I created this tiny Baba Yaga house for @bunny1kenobi as part of the winter book swap because she likes dark folktales.
Baba Yaga is an evil, slavic witch known for eating children. In folk lore, her house has chicken legs and wanders the forest in search of children to steal away.
The house is a chipboard blank I purchased from AlphaStamps. I painted it and made the shingles for the roof by painting some card stock and cutting it into tiny rectangles, then glueing them in overlapping patterns. The chicken feet were molded from polymer clay and then painted.

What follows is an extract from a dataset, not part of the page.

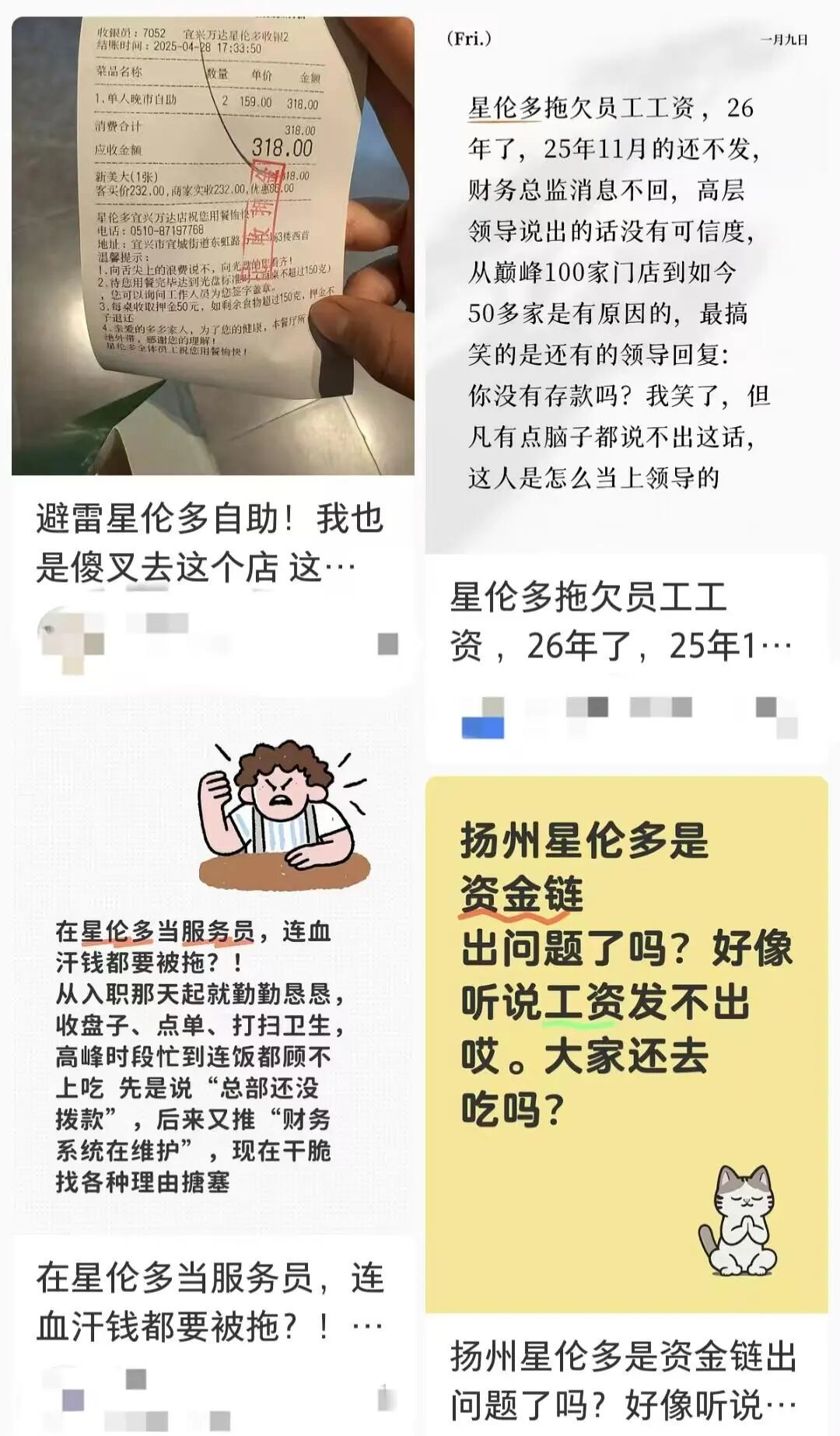 在酬酢平台上,有多位星伦多前职工爆料称公司薪资拖欠严重,部分职工数月未收到薪资,甚而有门店因为拖欠工资,胜仗导致职工歇工,门店住手运营。

I tried to attach the feet using screws…that didn’t go well. And when I added the feet the house was tilted at a steep angle backwards and kept falling over. A bit of quality time with my dremel and the tops of the feet fixed that. I gave up on the screws and just glued the feet. Then the roof popped off. Then the decorations I’d painted were all wrong. Then the feet were too far forward and had to be reglued. And the roof popped off again. In the end I got everything togehter but somewhere I’m sure Baba Yaga was cackling gleefully at my woes.
I love the angle of the legs. It looks like it is ready to find those kids. It makes it more dynamic and less static. And I love the little stack of bones by the door. This is fantastic!
This is great, I love all the little details, and the legs are very cool.
The way you tell the story of the making of this has created an image in my head of the house running around your desk while you chase it around trying to glue on some roof shingles
I would not have guessed from the photos that those shingles were made from cardstock. They look like little pieces of slim-cut wood!
I’m glad you were able to persevere and finish it.